It’s hard to exaggerate how bad this policy is. It is, in all but name, a sweeping set of government-enforced price controls across every industry, not only food. Supply and demand would no longer determine prices or profit levels. Far-off Washington bureaucrats would. The FTC would be able to tell, say, a Kroger in Ohio the acceptable price it can charge for milk.At best, this would lead to shortages, black markets and hoarding, among other distortions seen previous times countries tried to limit price growth by fiat....If your opponent claims you’re a “communist,” maybe don’t start with an economic agenda that can (accurately) be labeled as federal price controls.
Transparency and public criticism. That's nice to see in the papers for a change.
The other one is a help-first-time-housebuyers-with-free-money scheme, which is drawing a lesser degree of fire but still reminds people of the global financial crisis of 2007-8 that was fueled by the collapse of subprime mortgage securities. That likewise began with a government push to make the market work with people who really couldn't afford what they were buying.
They also included price controls, of course:
The rent caps are the “ugly” part of Harris’ plan, said Lanhee Chen, director of domestic policy studies at the Hoover Institute at Stanford University and a past CNN opinion contributor who worked on campaigns for Republicans, including Utah Senator Mitt Romney.“What is effectively a federal rent-control measure … was a bad idea when President Biden proposed it a few weeks ago,” said Chen.
The pretty part? Repurposing public lands for housing. I wonder how well 'developing the national parks into cheap housing tracts' will poll?
UPDATE: The W. Post follows up its pre-speech editorial by a single author with a full-fledged editorial from its entire board condemning the Kamala plan as unserious "gimmicks."
3 comments:
From the first cited quote: [A] sweeping set of government-enforced price controls across every industry, not only food. Supply and demand would no longer determine prices or profit levels. Far-off Washington bureaucrats would.
This, in fact, should come as no surprise. This is just an extension of the proto-Progressive-Democrat Franklin Roosevelt's wage and price controls, then culminating the the FDR Supreme Court's Wickard ruling that put the Federal government in charge of each State's erstwhile internal economies, and extended later by the only slightly less FDR Supreme Court sequence of rulings Berman, Midkiff, and Kelo.
This is the utter contempt that Progressive-Democrats have for us average Americans--we're just too grindingly stupid to be trusted with our own decisions, even our own property. We have to be led around by the nose by our Betters.
Eric Hines
The other one is a help-first-time-housebuyers-with-free-money scheme....
Harris and her team obviously don't believe in the truism of a simple supply-demand graph that's taught in any serious high school Intro to Econ class.
Throwing money at a supply of something whose supply cannot grow as fast as the increase in money will only run up the price of that something, along with the price of the inputs to that something--and that input price inflation will slow the increase of the supply of the something.

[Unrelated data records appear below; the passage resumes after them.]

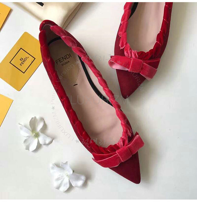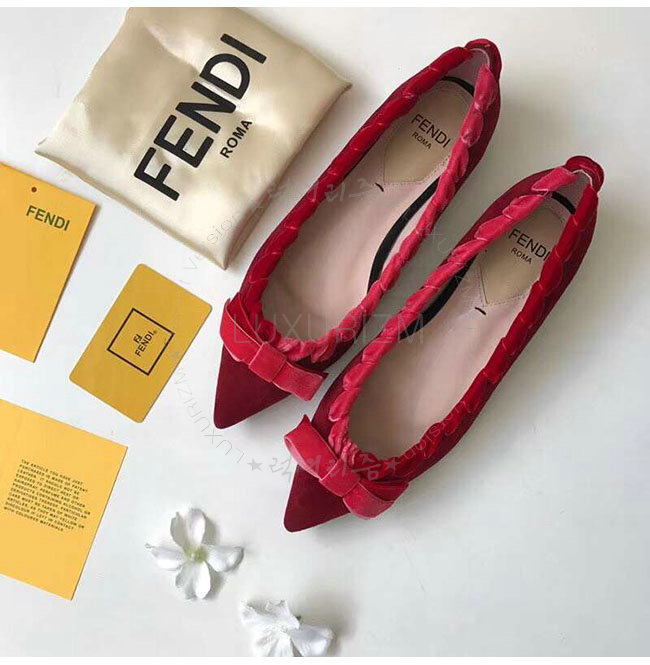 FENDI-8F6601 펜디 오베르진 레드 스웨이드 가죽 발레리나 여성용
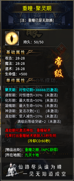 比如重瞳之眼,是进入四大陆后的一个重要装备,别看它的基础属性一般,但它升级后将带来大量的属性加成,到神游期后更是直接给玩家的复活次数直接加一,一些原本差一点就可以打过的怪在激活这个属性后即可轻松解决。
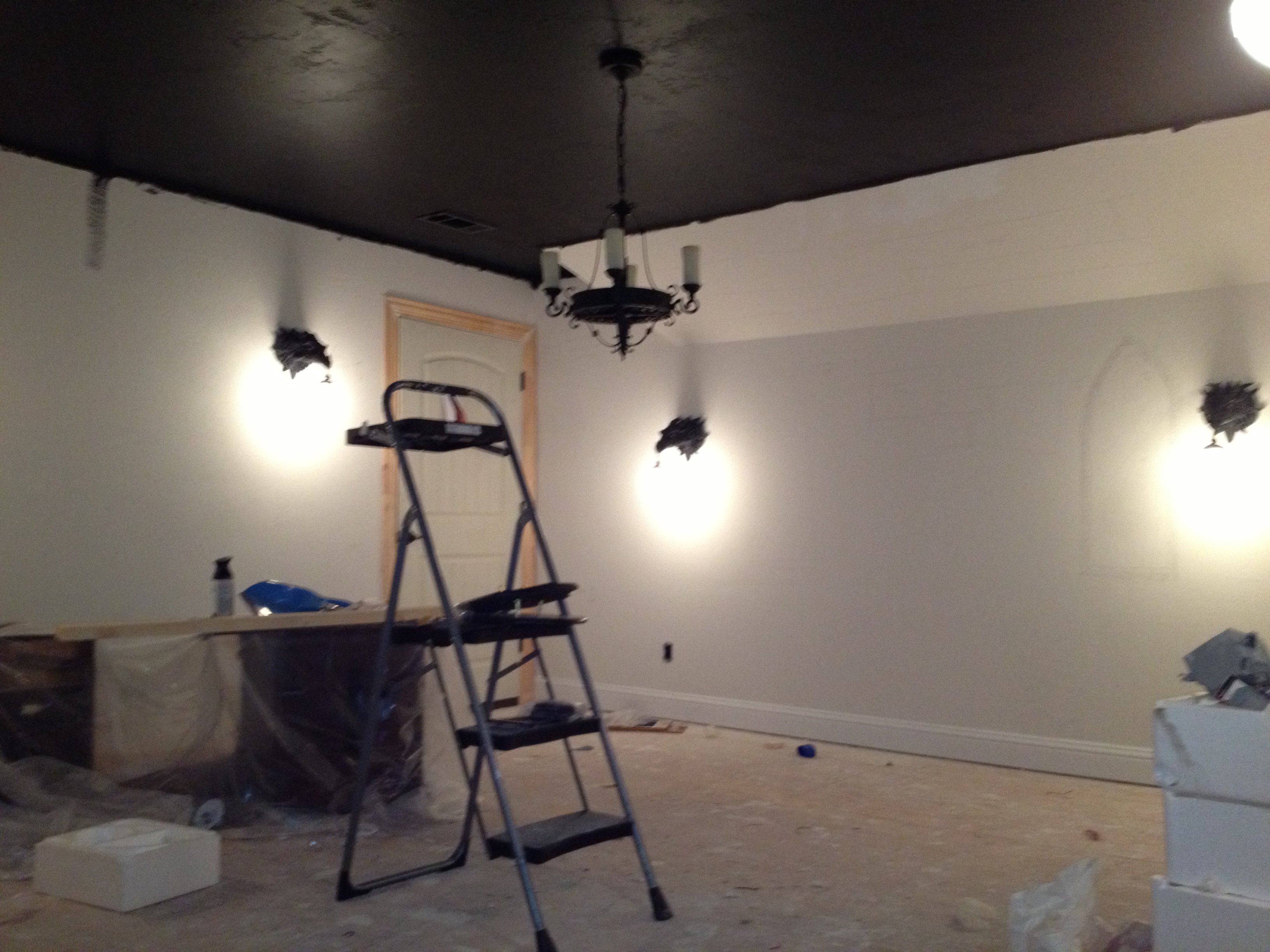Brent took his time to make sure that everything was measured, cut and painted correctly. IN PROGRESS: You can already see the improvement the black ceiling makes.
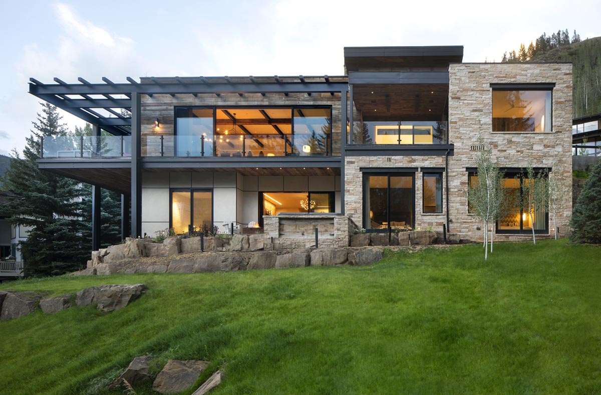 The exterior of this mountain home exemplifies two key features of modern design: clean lines and rectangular forms. Clean lines contribute to a sense of order, balance, and harmony, while rectangular forms provide functional separations and add a touch of symmetry and balance to the overall design
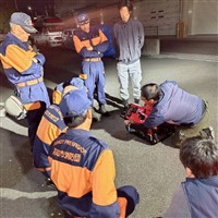 潮江分団は,12月6日に潮江東ノ丸公園にて土居町町内会防災部と南海トラフ地震に向けて消火訓練やチェーンソーの取扱い訓練指導を行いました。

Those getting the 25 stacks aren't going to be helped at all beyond the first few. And those at the other end of their lives, looking to change housing, will be actively harmed.
Alternatively, and more likely, it's 21st century bread and circus vote-buying. Richard Daley is spinning in his grave over not having thought of this.
Eric Hines
Ooh, ooh! Can I nominate a few National Parks to be at least partly repurposed? Can we vote on those?
Though I admit, if we're going to un-park them I'd prefer mining.